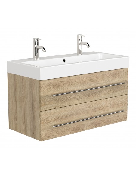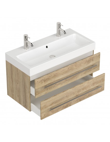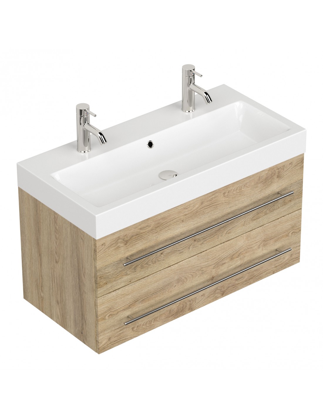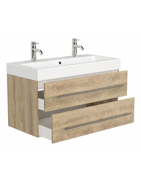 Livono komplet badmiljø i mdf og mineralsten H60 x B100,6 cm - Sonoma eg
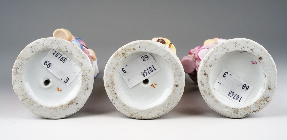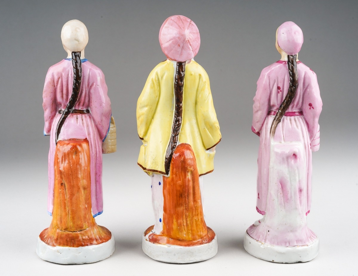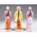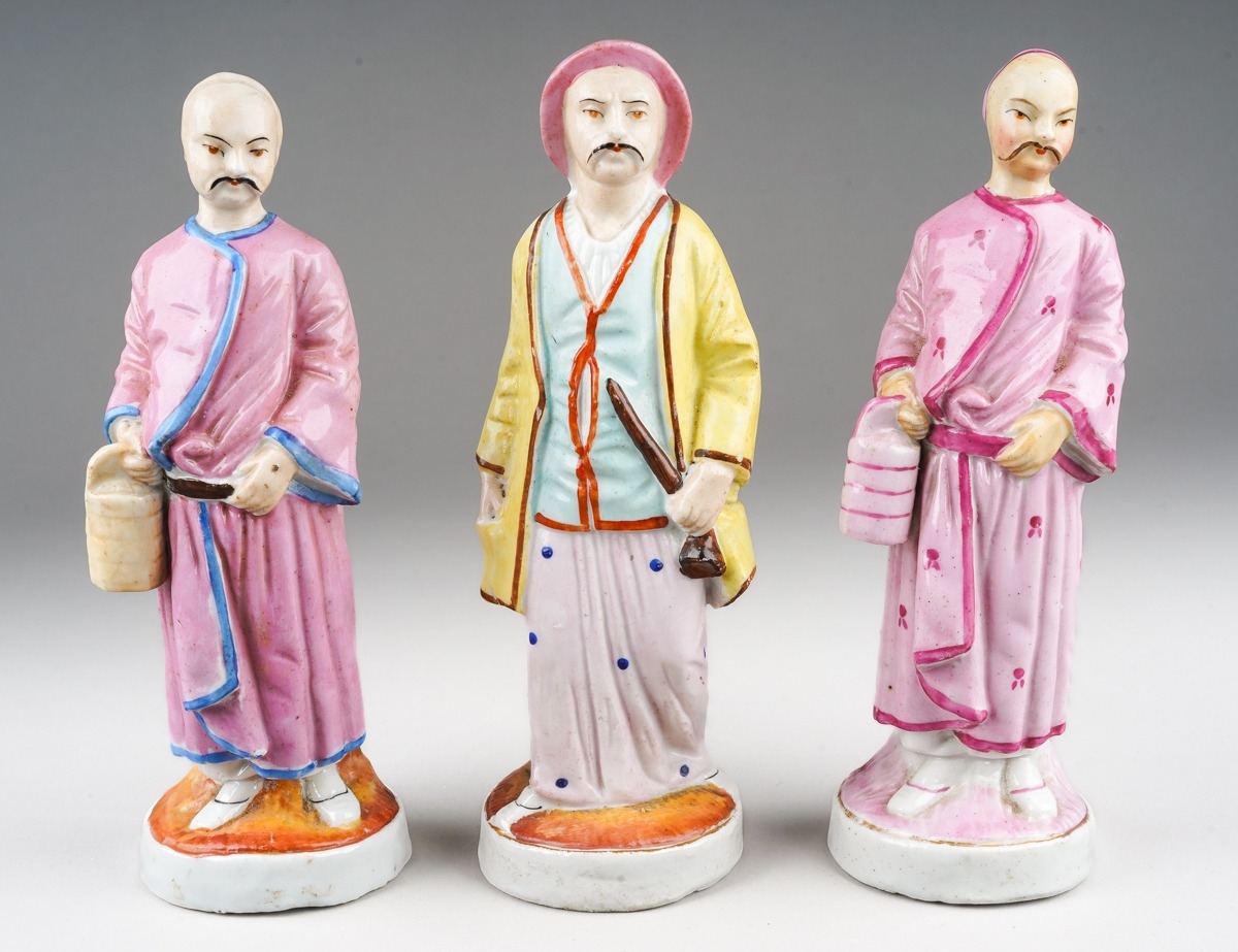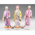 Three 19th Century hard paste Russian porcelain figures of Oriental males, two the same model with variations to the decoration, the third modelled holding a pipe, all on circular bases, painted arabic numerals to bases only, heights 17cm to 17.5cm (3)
==
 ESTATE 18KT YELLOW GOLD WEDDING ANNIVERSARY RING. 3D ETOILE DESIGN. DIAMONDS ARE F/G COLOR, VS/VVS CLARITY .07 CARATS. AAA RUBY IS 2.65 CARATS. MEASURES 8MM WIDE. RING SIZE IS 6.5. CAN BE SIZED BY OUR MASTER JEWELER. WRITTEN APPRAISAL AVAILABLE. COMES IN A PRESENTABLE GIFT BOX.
...
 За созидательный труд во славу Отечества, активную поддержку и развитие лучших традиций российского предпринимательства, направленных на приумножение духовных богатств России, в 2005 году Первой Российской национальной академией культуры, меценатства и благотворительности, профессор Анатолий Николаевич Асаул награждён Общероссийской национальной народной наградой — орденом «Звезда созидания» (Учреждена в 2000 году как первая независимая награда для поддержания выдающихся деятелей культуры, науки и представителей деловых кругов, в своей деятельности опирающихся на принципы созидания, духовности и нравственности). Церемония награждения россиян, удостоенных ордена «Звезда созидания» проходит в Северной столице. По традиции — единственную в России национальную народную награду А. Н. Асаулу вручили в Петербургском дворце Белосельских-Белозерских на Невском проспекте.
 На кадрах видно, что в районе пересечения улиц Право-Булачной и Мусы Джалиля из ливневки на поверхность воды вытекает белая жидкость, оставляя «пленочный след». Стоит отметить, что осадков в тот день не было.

> **DIRECTIONS FOR THIS TASK**
Copy out the lines above from the line containing "Livono komplet badmiljø" through the line containing "Three 19th Century", exactly, and keep the pictures out.

> **EXPECTED OUTPUT**
 Livono komplet badmiljø i mdf og mineralsten H60 x B100,6 cm - Sonoma eg
 Three 19th Century hard paste Russian porcelain figures of Oriental males, two the same model with variations to the decoration, the third modelled holding a pipe, all on circular bases, painted arabic numerals to bases only, heights 17cm to 17.5cm (3)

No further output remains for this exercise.